§ **YOUR OBJECTIVE**:
Only the number is wanted: tally the lines below that contain the word "first".

§ **RAW DATA**:
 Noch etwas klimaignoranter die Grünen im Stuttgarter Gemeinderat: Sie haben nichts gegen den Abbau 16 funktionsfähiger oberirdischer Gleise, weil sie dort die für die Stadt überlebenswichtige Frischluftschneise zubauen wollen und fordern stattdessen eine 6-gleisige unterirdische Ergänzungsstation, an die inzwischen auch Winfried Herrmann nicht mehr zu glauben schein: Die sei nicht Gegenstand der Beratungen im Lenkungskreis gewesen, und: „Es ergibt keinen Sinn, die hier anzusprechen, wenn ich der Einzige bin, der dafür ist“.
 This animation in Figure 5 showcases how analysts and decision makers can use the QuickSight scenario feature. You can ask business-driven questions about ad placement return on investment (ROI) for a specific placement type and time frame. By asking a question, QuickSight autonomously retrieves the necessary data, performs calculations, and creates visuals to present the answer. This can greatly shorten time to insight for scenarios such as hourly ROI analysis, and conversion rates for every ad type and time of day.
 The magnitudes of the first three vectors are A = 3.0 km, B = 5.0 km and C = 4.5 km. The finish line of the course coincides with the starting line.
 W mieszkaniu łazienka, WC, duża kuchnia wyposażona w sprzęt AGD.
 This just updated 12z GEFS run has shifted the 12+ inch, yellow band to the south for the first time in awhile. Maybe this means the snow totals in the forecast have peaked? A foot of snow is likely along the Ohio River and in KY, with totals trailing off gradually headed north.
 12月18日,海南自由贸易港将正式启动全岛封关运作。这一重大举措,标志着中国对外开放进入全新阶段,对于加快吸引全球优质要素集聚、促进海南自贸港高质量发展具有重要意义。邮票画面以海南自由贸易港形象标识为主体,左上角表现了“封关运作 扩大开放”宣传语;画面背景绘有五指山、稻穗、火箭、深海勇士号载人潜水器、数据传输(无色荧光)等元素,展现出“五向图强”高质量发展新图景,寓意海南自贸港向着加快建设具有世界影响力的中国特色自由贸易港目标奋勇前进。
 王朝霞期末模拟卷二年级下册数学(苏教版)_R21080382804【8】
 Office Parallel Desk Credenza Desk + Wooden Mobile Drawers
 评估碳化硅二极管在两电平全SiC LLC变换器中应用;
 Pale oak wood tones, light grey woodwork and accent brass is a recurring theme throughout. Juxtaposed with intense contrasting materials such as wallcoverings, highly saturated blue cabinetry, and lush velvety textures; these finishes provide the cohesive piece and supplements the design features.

§ **RESPONSE TO THIS EXERCISE**:
2